● **YOUR TASK**
What you return should be only the lines in the entries below between the one holding "图:二○二○年春运大幕10日" and the one holding "Деревянные подарочные коробки", ends included, with every picture left out.

*** Opening GIVEN DATA ***

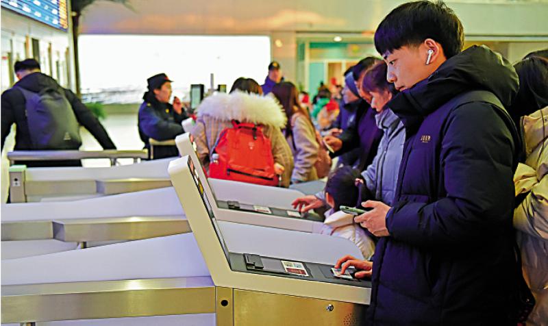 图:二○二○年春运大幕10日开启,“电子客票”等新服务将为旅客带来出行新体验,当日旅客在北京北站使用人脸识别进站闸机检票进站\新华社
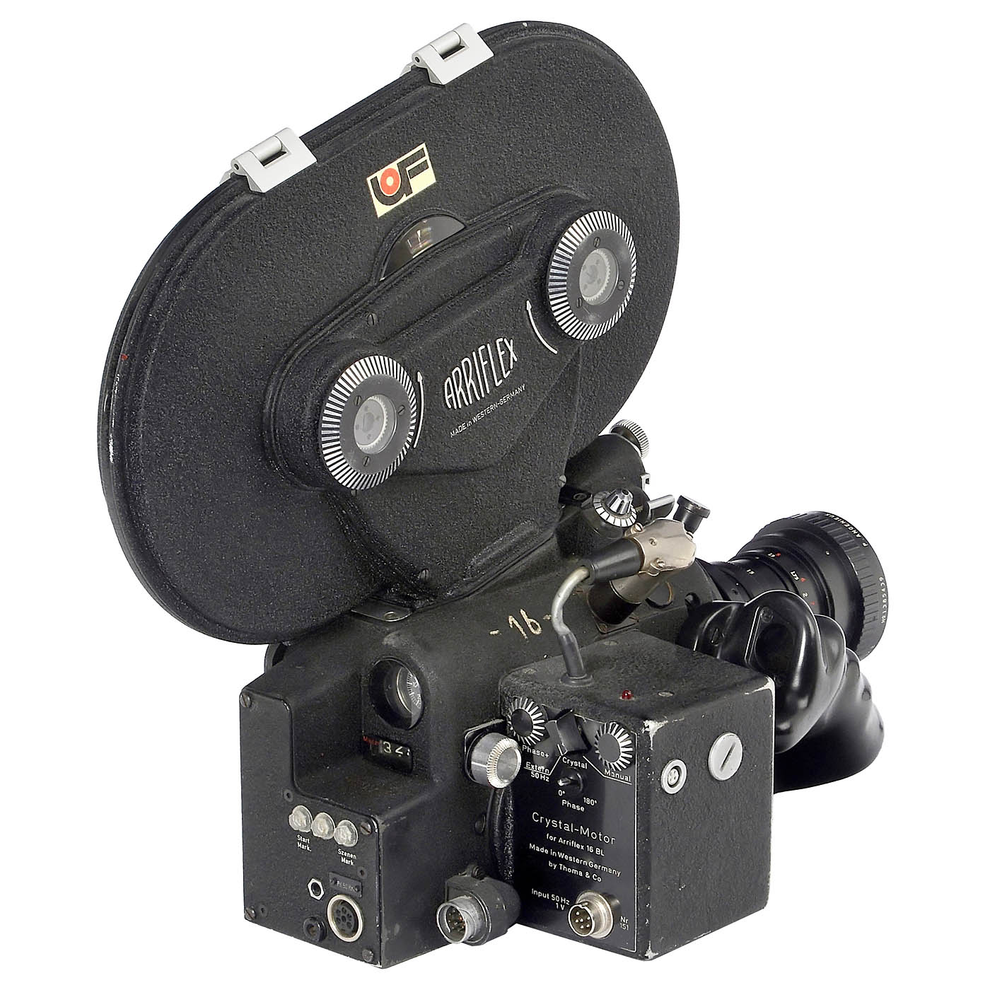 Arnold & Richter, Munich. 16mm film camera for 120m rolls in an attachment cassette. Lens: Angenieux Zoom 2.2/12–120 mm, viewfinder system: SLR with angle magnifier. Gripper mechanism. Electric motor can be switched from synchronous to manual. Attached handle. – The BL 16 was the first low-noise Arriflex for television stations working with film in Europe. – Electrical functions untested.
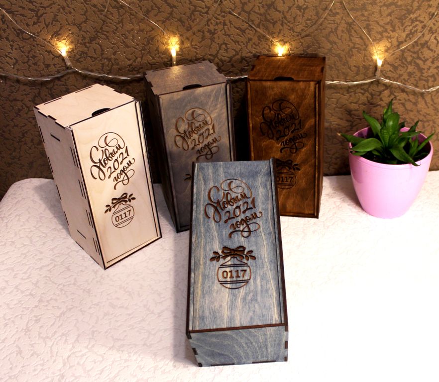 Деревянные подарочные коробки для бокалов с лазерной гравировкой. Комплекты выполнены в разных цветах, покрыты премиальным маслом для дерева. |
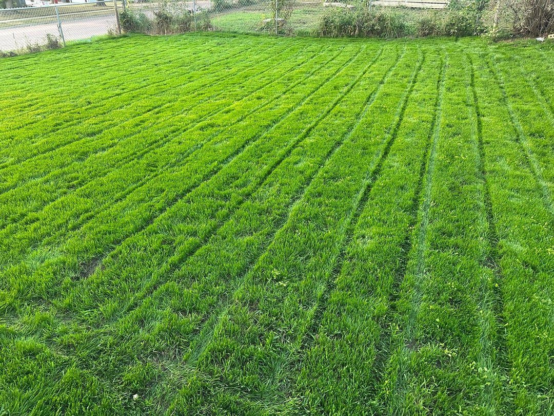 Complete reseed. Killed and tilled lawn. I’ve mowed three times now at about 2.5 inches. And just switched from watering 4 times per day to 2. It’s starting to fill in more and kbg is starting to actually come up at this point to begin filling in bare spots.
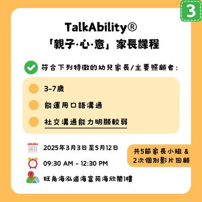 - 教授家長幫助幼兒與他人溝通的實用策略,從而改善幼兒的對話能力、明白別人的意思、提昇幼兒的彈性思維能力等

*** Closing GIVEN DATA ***
*** Opening GIVEN DATA ***

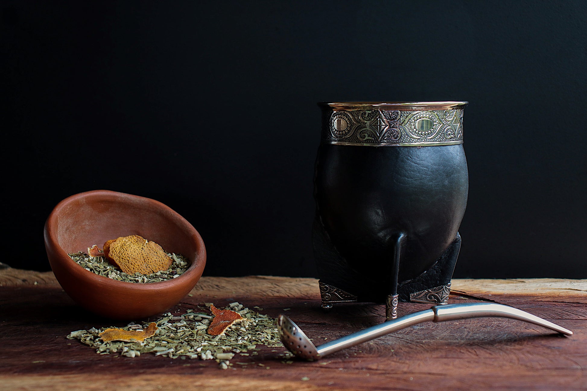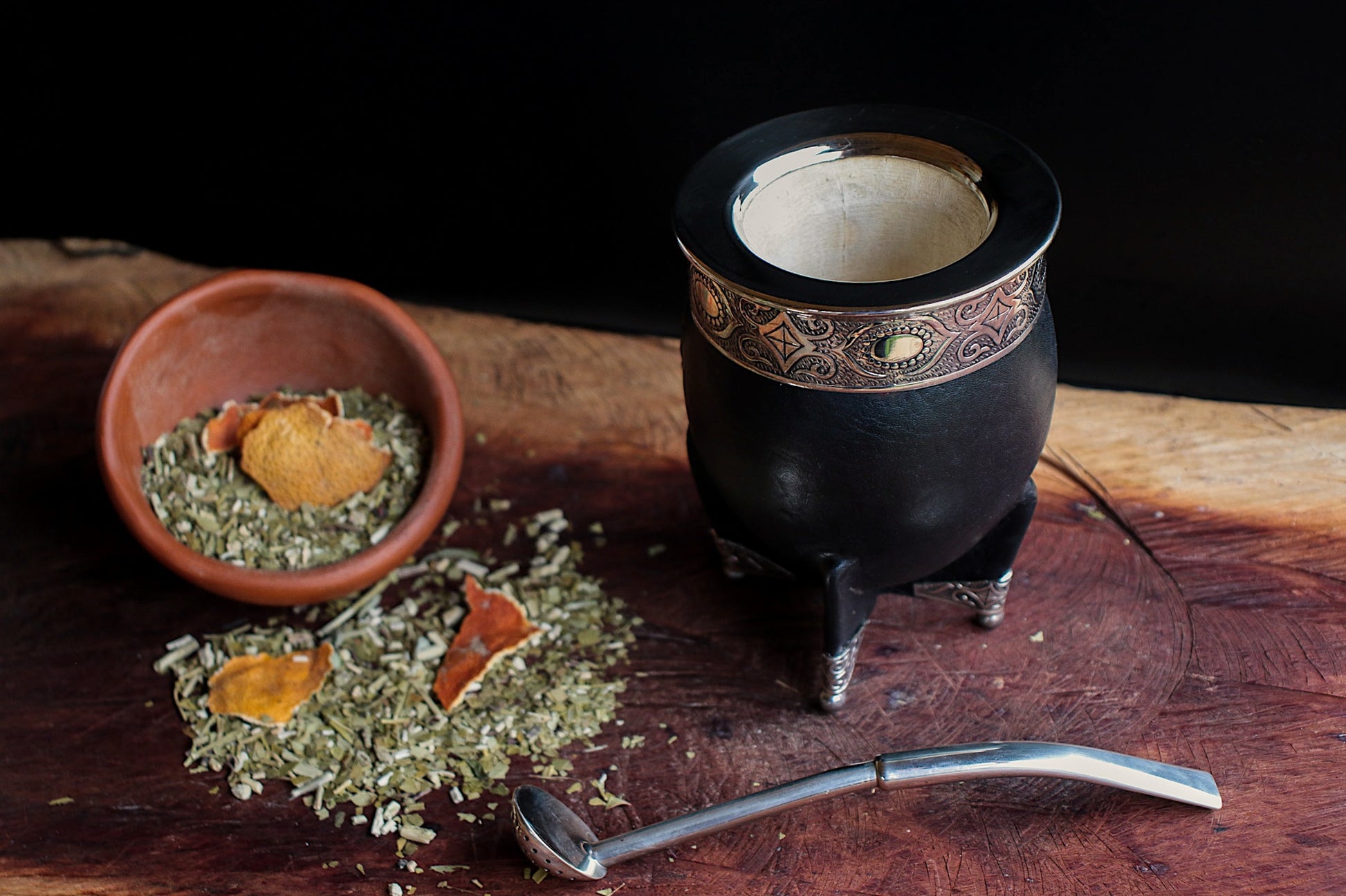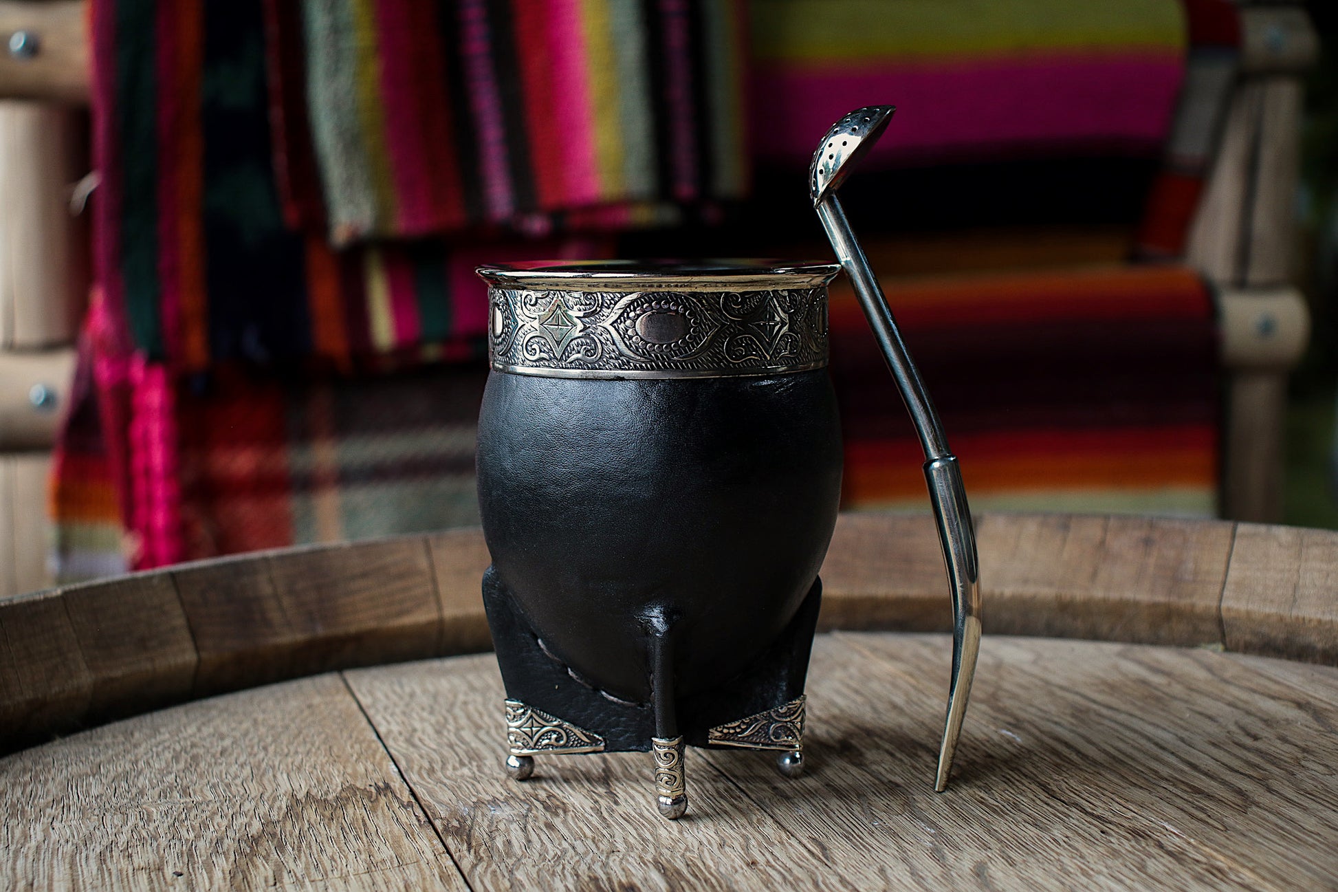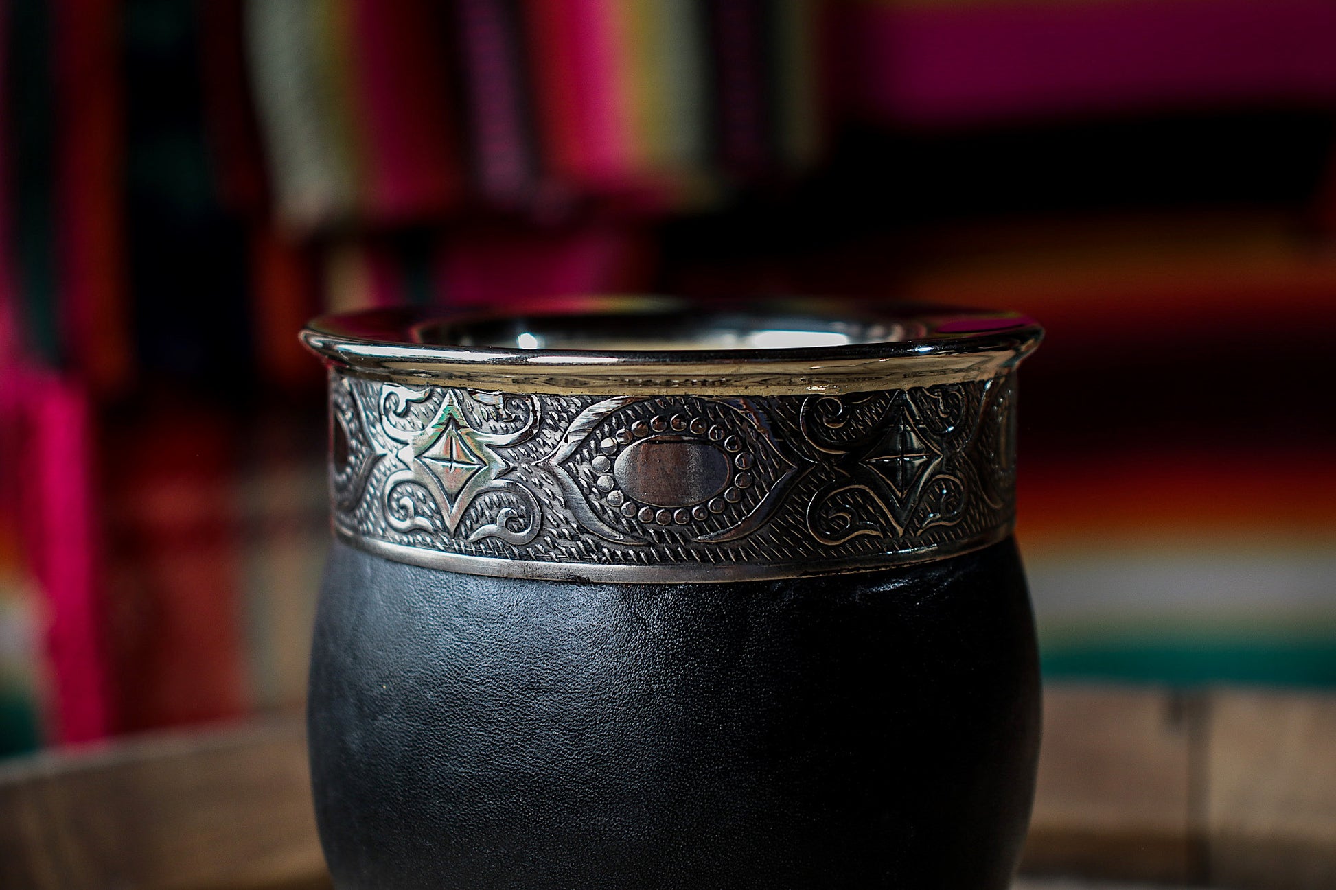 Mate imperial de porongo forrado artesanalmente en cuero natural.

*** Closing GIVEN DATA ***
*** Opening GIVEN DATA ***

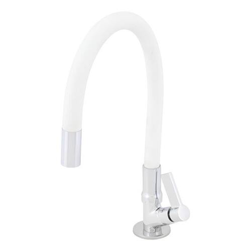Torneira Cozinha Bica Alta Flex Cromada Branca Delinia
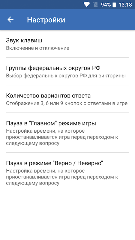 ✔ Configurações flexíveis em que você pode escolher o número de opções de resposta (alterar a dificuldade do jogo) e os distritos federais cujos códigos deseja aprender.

*** Closing GIVEN DATA ***

● **TASK SOLUTION**
 图:二○二○年春运大幕10日开启,“电子客票”等新服务将为旅客带来出行新体验,当日旅客在北京北站使用人脸识别进站闸机检票进站\新华社
 Arnold & Richter, Munich. 16mm film camera for 120m rolls in an attachment cassette. Lens: Angenieux Zoom 2.2/12–120 mm, viewfinder system: SLR with angle magnifier. Gripper mechanism. Electric motor can be switched from synchronous to manual. Attached handle. – The BL 16 was the first low-noise Arriflex for television stations working with film in Europe. – Electrical functions untested.
 Деревянные подарочные коробки для бокалов с лазерной гравировкой. Комплекты выполнены в разных цветах, покрыты премиальным маслом для дерева. |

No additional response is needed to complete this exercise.